*** TASK DATA ***
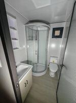 - Salle de bain complète équipée d’une cabine de douche, d’un WC compact, d’un lavabo avec meuble, et de ventilation intégrée.
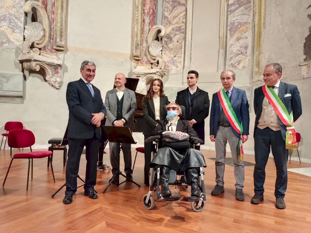 C’è anche lei in sala San Giovanni a Cuneo, insieme al marito Luigi e ai figli Leonardo e Camilla che l’hanno accompagnata in ogni passo, anzi in ogni battito di ciglia, in questi ultimi vent’anni. Da quando la braidese di origini liguri, all’epoca insegnante e neomamma per la seconda volta, fu colpita da un’emorragia cerebrale post-partum che la lasciò in stato vegetativo. Ci vollero sei mesi prima che ci si rendesse conto che dietro alla corazza di un corpo immobile c’era una mente ancora vigile: la chiamano sindrome del chiavistello, in inglese locked-in syndrome, una condizione medica rarissima e spaventosa.
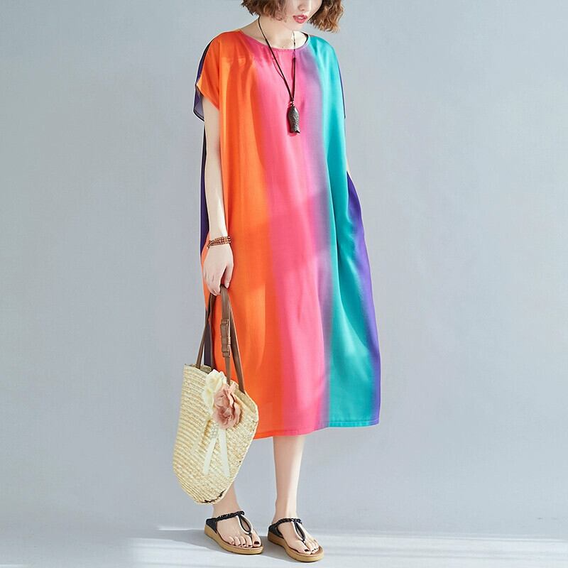 特大サイズ 200 ポンドの女性用プリント染色ドレス 夏用 ゆったりとした老化防止レインボー ストリップ コントラストのあるお腹をカバーするカジュアルなミドル丈スカート 大きめサイズ サマー 夏物 sine47325453447
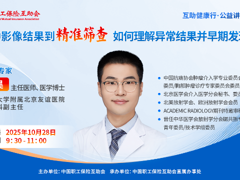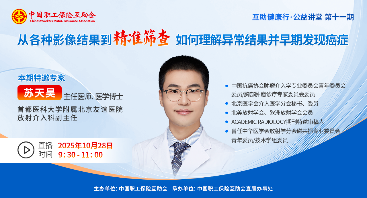 直播回顧|從各種影像結(jié)果到精準(zhǔn)篩查:如何理解異常結(jié)果并早期發(fā)現(xiàn)癌癥??????親愛的職工朋友們,您是否關(guān)注過腫瘤篩查?面對(duì)“各種影像檢查”的報(bào)告,您是否有所困惑? 影像檢查和腫瘤精準(zhǔn)篩查息息相關(guān),讀懂影像檢查報(bào)告是腫瘤篩查中的重要一環(huán)。為幫助大家探討體檢中的影像學(xué)檢查如何幫助我們識(shí)別潛在風(fēng)險(xiǎn),并通過進(jìn)一步評(píng)估實(shí)現(xiàn)早期預(yù)防與干預(yù),中國(guó)職工保險(xiǎn)互助會(huì)特主辦2025年第九期“互助健康行·公益講堂----《從各種影像結(jié)果到精準(zhǔn)篩查》”,開啟線上直播。本期活動(dòng)由中國(guó)職工保險(xiǎn)互助會(huì)直屬辦事處承辦,特別邀請(qǐng)影像介入領(lǐng)域權(quán)威專家,帶您深入探討“如何理解異常結(jié)果并早期發(fā)現(xiàn)癌癥”,從專業(yè)角度解讀指南、分析利弊,為您提供基于影像學(xué)檢查的個(gè)體化防癌篩查,助您做出明智的健康選擇!10月28日9:30,中工網(wǎng)首頁(yè)、微博、視頻號(hào)同步播出。
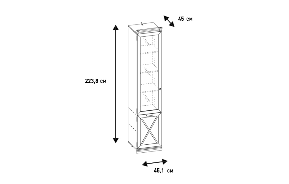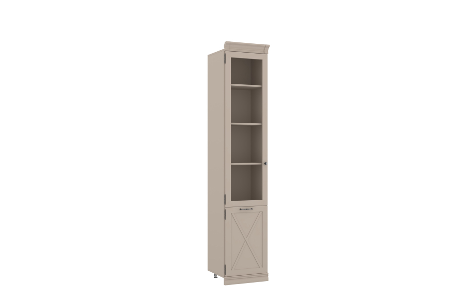 - В верхнем отделении — три съемные полки из ЛДСП за рамочным фасадом (вставка стекло), в нижнем отделении — одна съемная полка из ЛДСП за рамочным фасадом (вставка ЛДСП с фахверком);
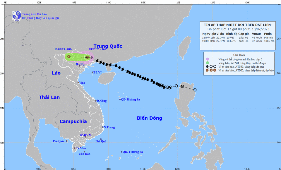 Trong đêm nay, áp thấp nhiệt đới di chuyển theo hướng Tây, mỗi giờ đi được khoảng 20km và tiếp tục suy yếu thành một vùng áp thấp và tan dần. Đến 4h sáng mai, 19/7, vùng áp thấp ở vào khoảng 22,4 độ Vĩ Bắc-104,3 độ Kinh Đông, trên khu vực Việt Bắc.
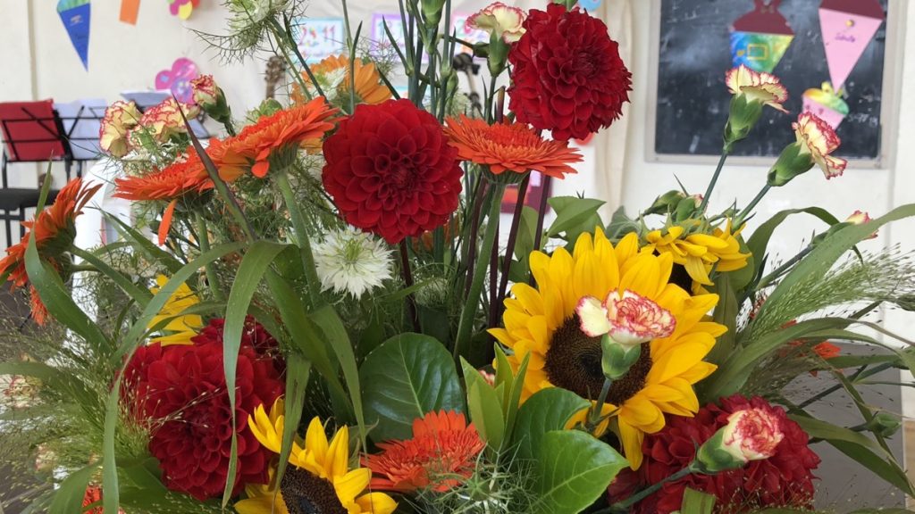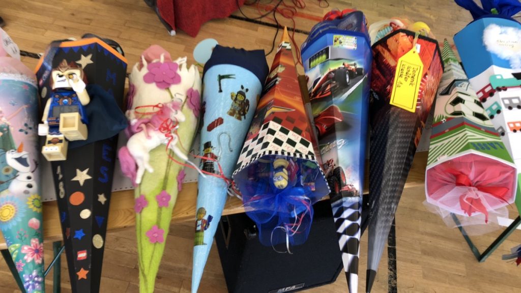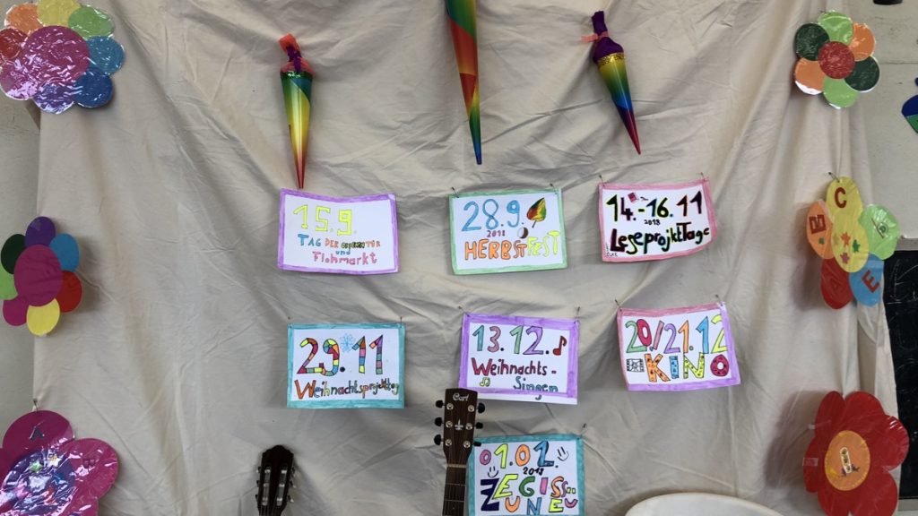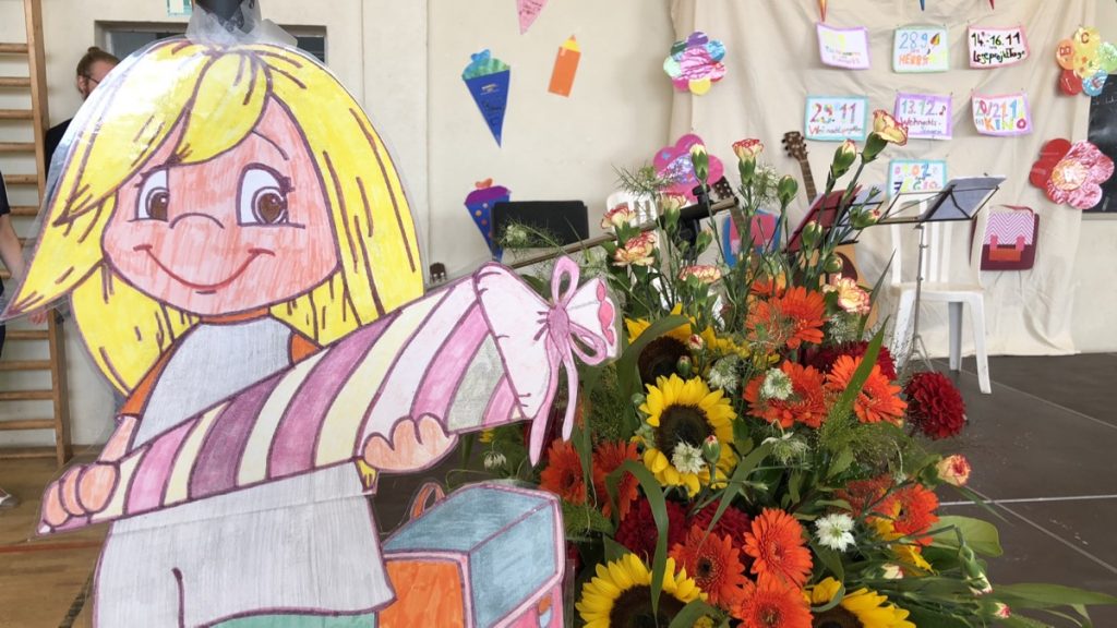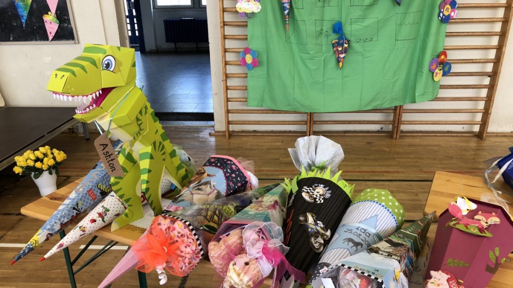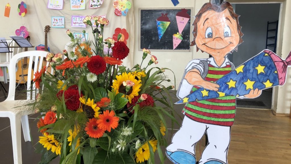 Nach dem Einzug der Kinder in die Turnhalle präsentierten Frau Müller und Frau Kubitschek-Walch mit Kindern der höheren Klassen ein musikalisches Unterhaltungsprogramm. Anschließend bekamen die Kinder ihre Schultüten aus der Hand ihrer neuen Erzieherinnen und Klassenlehrerinnen. Die älteren Kinder schenkten dann jedem neuen Schulkind noch eine gelbe Rose. Den Blumenschmuck hatte der Förderverein organisiert.
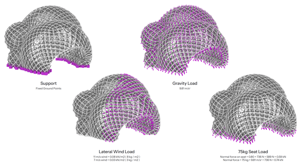 To analyze the structure using Alpaca, the lattice nodes in contact with the ground are defined as fixed supports, and gravity loads are applied. Wind loads are also introduced, considering that the dominant winds in San Diego come from the west–northwest (WNW) from the Pacific Ocean, with typical velocities ranging between 3 and 7 m/s. For the analysis, a wind speed of 11 m/s is applied to provide an appropriate safety margin. Additionally, seating loads are included to account for user occupancy.
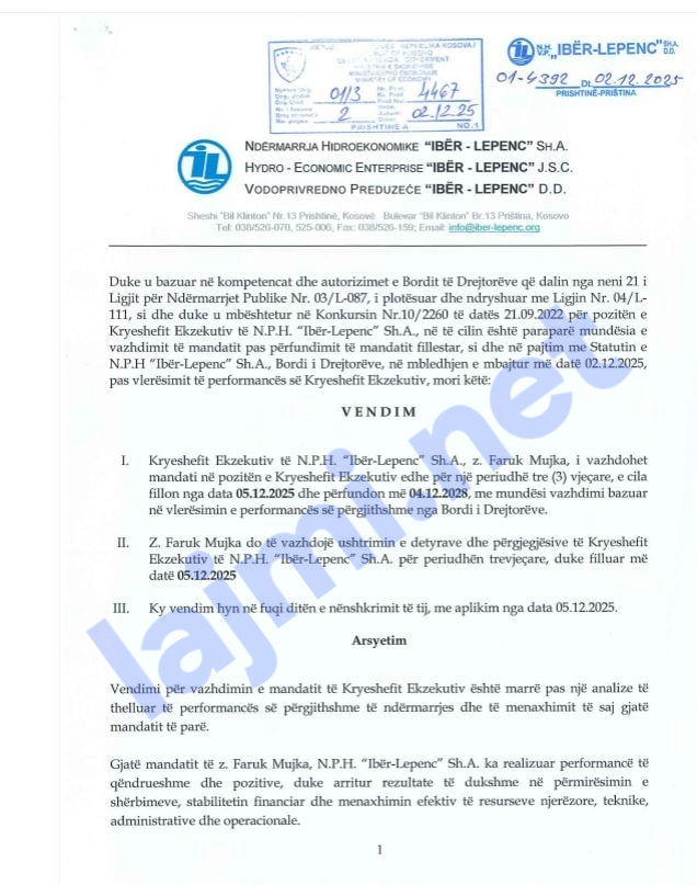 Bordi i Ndërmarrjes Hidroekonomike “Ibër Lepenci SH.A” ka marrë vendim për vazhdimin e kontratës për Kryeshefin Ekzekutiv, Faruk Mujka.
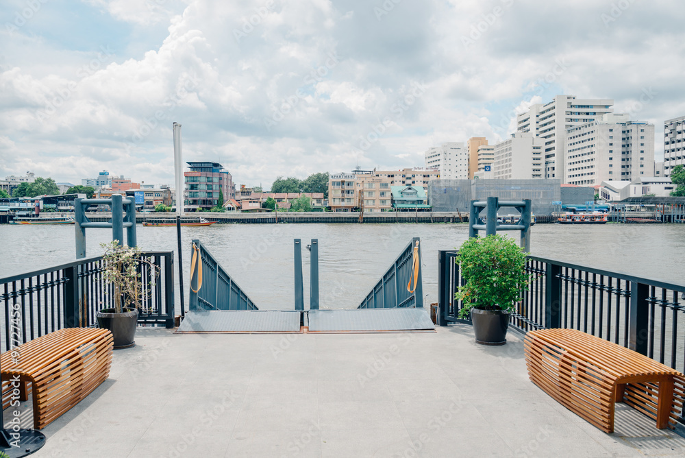 Samolepka Landscape of Maharat Pier Bangkok, Entrance to the port.
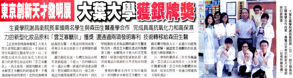 東京創新天才發明展 大葉大學獲銀牌獎
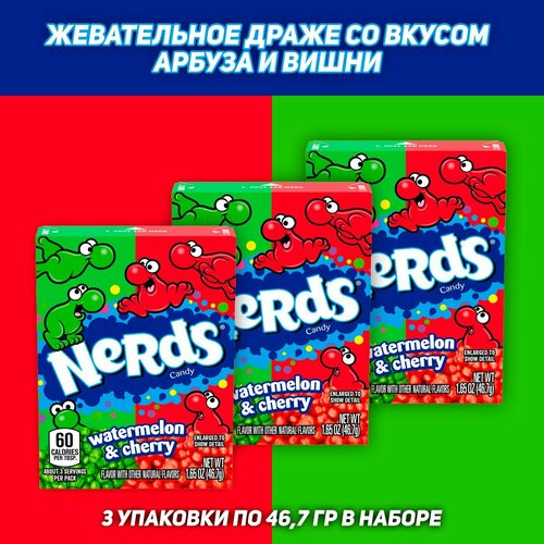 Конфеты — драже Nerds, со вкусами арбуза и вишни, 46,7 гр, 3 шт
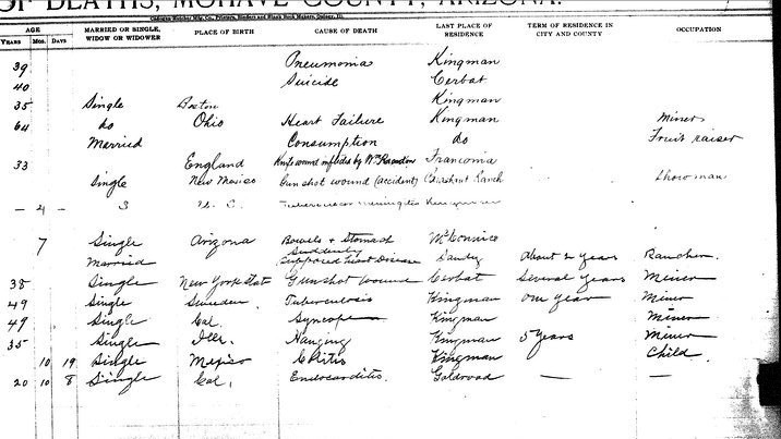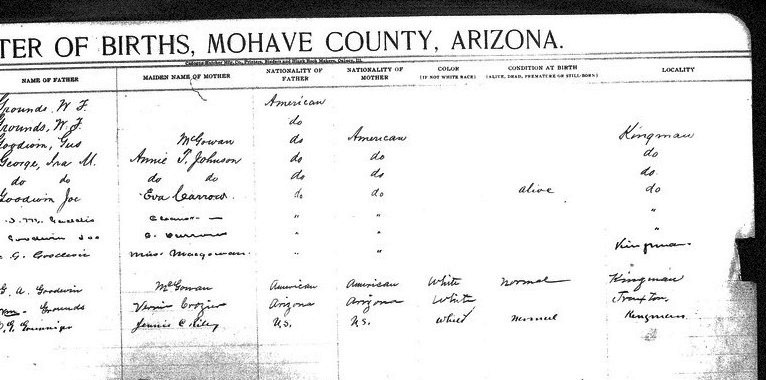 Sullivan, Virgina May - born 9 May 1917 in Oatman, Mohave, to Machael R Sullivan and Julia Hartnett
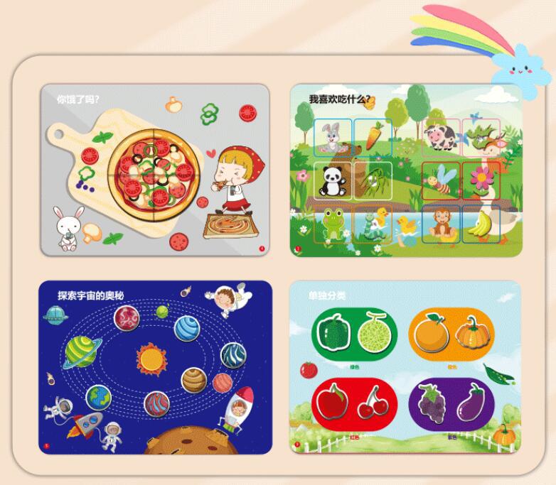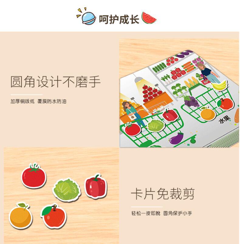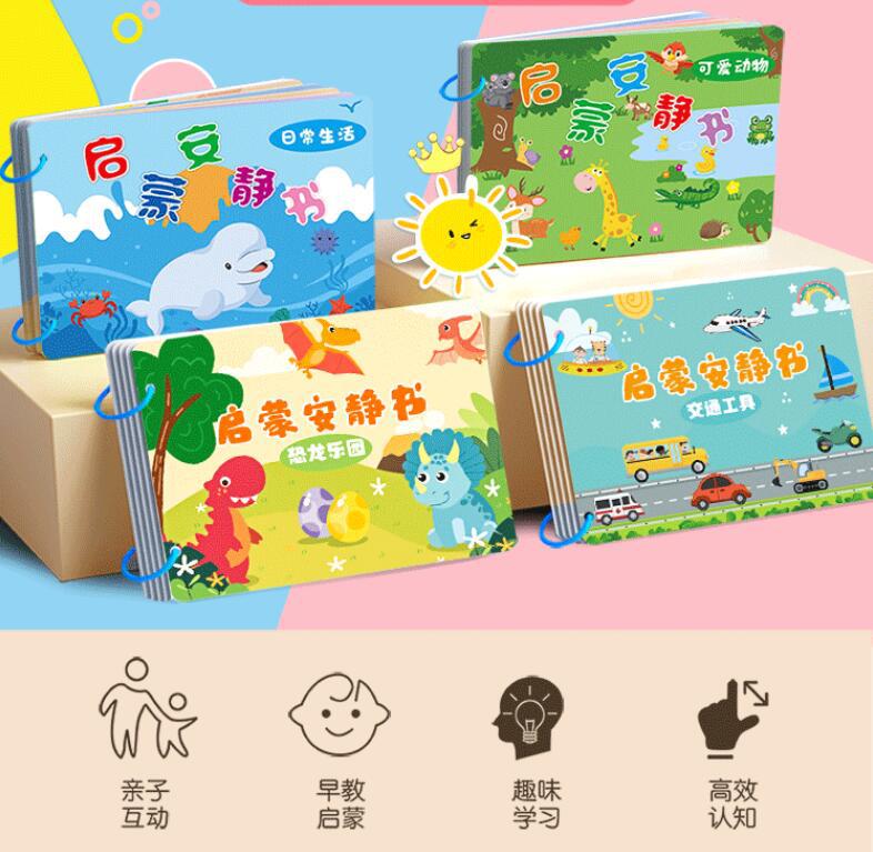 益智儿童启蒙安静书幼儿早教魔术贴认知玩具宝宝手撕卡片识2岁3岁
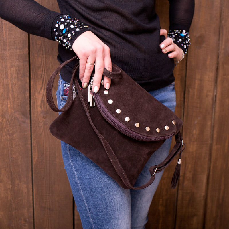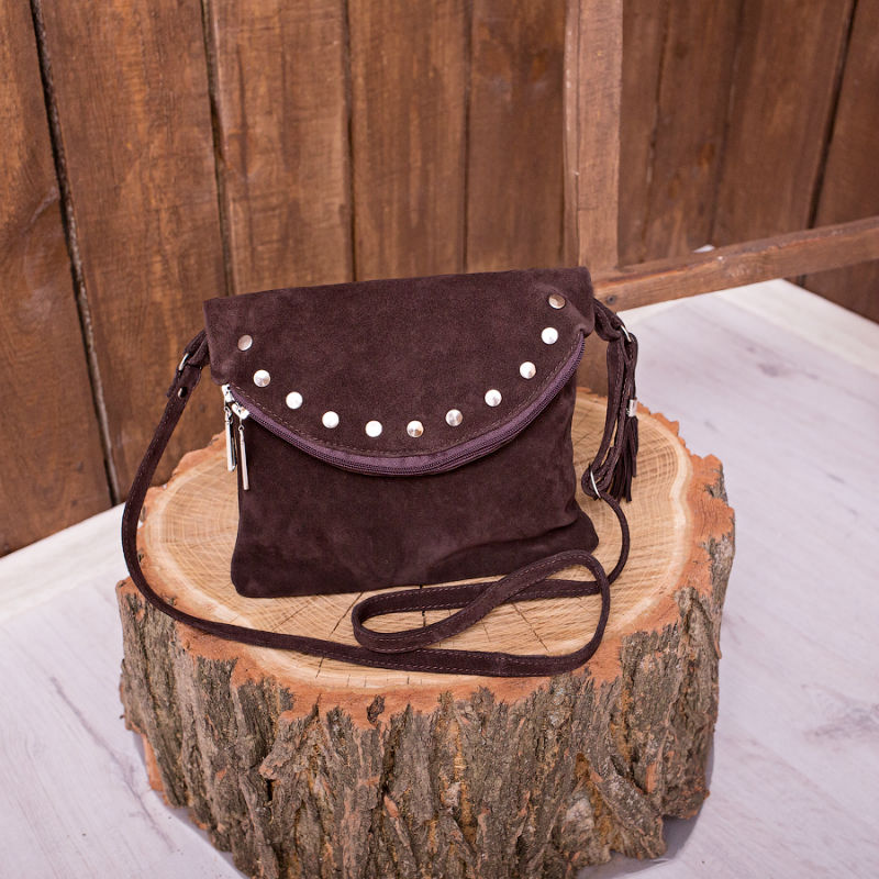 - Сумка жіноча замшева 91296 коричнева декорована кнопками.
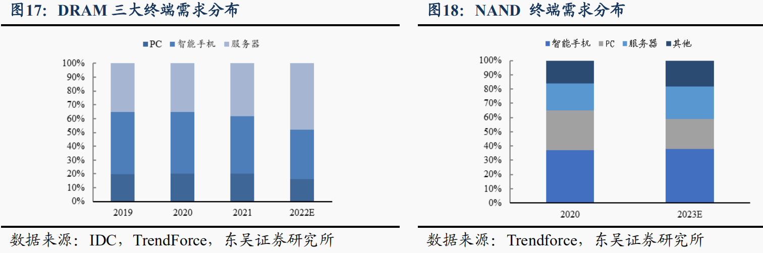 智能手机、服务器和PC是存储三大终端需求驱动力,其中智能手机需求占比最大。据TrendForce预估,2023年mobileDRAM单机搭载容量增速约5%;同时随着5G智能手机渗透率逐步提升,iPhone产品组合、Android高端机种向更高容量升级,中低端机种储存空间则随硬件规格升级而提高,东吴证券预估2023年NANDFlash单台智能手机位元需求增长率为22.1%。
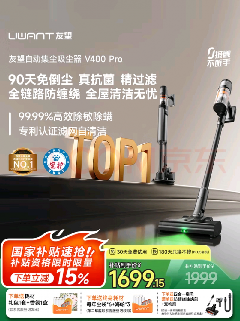 “买时容易修时难” 是很多人对吸尘器的顾虑,这也让 “哪个吸尘器品牌售后好” 成为选品关键。相较于部分品牌 “质保短、网点少” 的短板,友望在吸尘器品牌售后上给出了诚意方案:全系产品提供 2 年整机质保,中央维保,彻底解决了用户的维修顾虑;购买友望V400pro还能够获得终身赠送耗材的福利,双十一更有国家15%的补贴,福利多多。
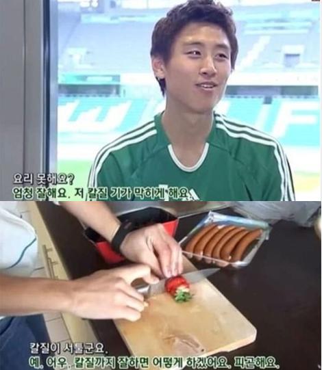 게시물에는 구자철이 한 방송에서 “엄청 잘 해요. 저 칼질 기가 막히게 해요”라고 말하고 또 다른 장면에서 서툰 칼질을 선보인다.
*** End of TASK DATA ***
ACTION ITEM »
Word for word, restate the lines above from the one with "特大サイズ 200 ポンドの女性用プリント染色ドレス" through the one with "- В верхнем", keeping both ends and dropping the pictures.

SOLUTION FOR THIS PROBLEM »
 特大サイズ 200 ポンドの女性用プリント染色ドレス 夏用 ゆったりとした老化防止レインボー ストリップ コントラストのあるお腹をカバーするカジュアルなミドル丈スカート 大きめサイズ サマー 夏物 sine47325453447
 直播回顧|從各種影像結(jié)果到精準(zhǔn)篩查:如何理解異常結(jié)果并早期發(fā)現(xiàn)癌癥??????親愛的職工朋友們,您是否關(guān)注過腫瘤篩查?面對(duì)“各種影像檢查”的報(bào)告,您是否有所困惑? 影像檢查和腫瘤精準(zhǔn)篩查息息相關(guān),讀懂影像檢查報(bào)告是腫瘤篩查中的重要一環(huán)。為幫助大家探討體檢中的影像學(xué)檢查如何幫助我們識(shí)別潛在風(fēng)險(xiǎn),并通過進(jìn)一步評(píng)估實(shí)現(xiàn)早期預(yù)防與干預(yù),中國(guó)職工保險(xiǎn)互助會(huì)特主辦2025年第九期“互助健康行·公益講堂----《從各種影像結(jié)果到精準(zhǔn)篩查》”,開啟線上直播。本期活動(dòng)由中國(guó)職工保險(xiǎn)互助會(huì)直屬辦事處承辦,特別邀請(qǐng)影像介入領(lǐng)域權(quán)威專家,帶您深入探討“如何理解異常結(jié)果并早期發(fā)現(xiàn)癌癥”,從專業(yè)角度解讀指南、分析利弊,為您提供基于影像學(xué)檢查的個(gè)體化防癌篩查,助您做出明智的健康選擇!10月28日9:30,中工網(wǎng)首頁(yè)、微博、視頻號(hào)同步播出。
 - В верхнем отделении — три съемные полки из ЛДСП за рамочным фасадом (вставка стекло), в нижнем отделении — одна съемная полка из ЛДСП за рамочным фасадом (вставка ЛДСП с фахверком);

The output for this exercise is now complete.